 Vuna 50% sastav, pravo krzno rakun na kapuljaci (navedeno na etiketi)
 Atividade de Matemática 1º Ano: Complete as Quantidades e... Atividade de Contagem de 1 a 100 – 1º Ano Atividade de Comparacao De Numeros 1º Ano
※
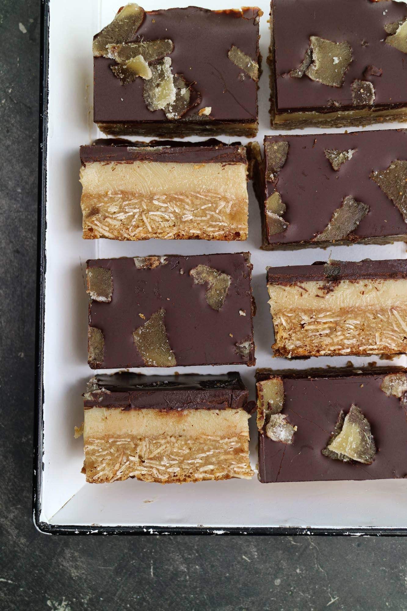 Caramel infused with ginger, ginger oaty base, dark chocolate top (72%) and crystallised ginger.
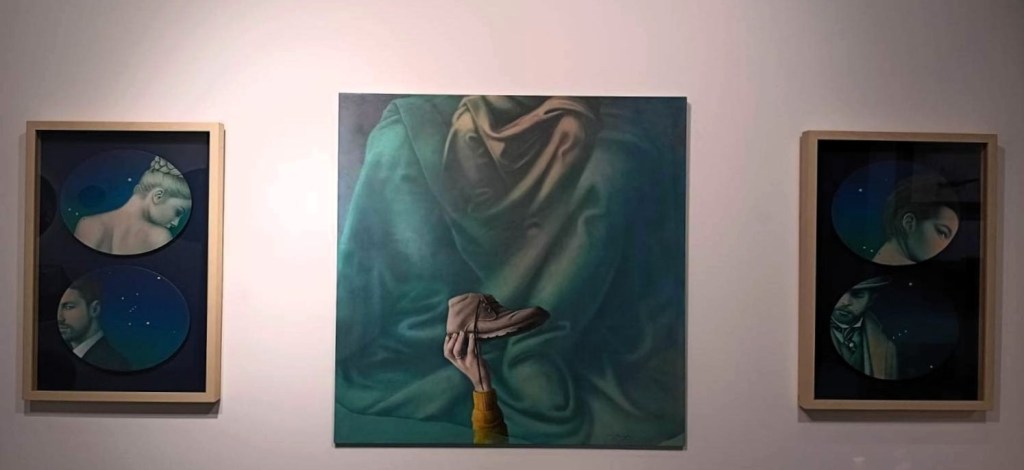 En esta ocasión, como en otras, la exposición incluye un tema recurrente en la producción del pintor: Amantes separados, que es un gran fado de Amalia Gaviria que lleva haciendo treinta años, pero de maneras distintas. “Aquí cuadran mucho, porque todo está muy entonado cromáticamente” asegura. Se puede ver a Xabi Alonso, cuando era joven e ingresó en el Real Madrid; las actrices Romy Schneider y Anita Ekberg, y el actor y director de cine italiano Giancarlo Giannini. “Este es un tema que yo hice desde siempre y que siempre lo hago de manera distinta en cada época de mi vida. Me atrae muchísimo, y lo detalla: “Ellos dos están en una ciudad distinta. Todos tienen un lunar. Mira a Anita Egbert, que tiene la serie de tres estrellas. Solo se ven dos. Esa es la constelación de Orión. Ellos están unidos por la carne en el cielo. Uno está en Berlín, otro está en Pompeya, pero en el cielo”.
※
**Exercise**
Please copy, exactly as written, every line in the listing above from the line with "Vuna 50% sastav, pravo" up to and including the line with "Atividade de Matemática".

**Solution**
 Vuna 50% sastav, pravo krzno rakun na kapuljaci (navedeno na etiketi)
 Atividade de Matemática 1º Ano: Complete as Quantidades e... Atividade de Contagem de 1 a 100 – 1º Ano Atividade de Comparacao De Numeros 1º Ano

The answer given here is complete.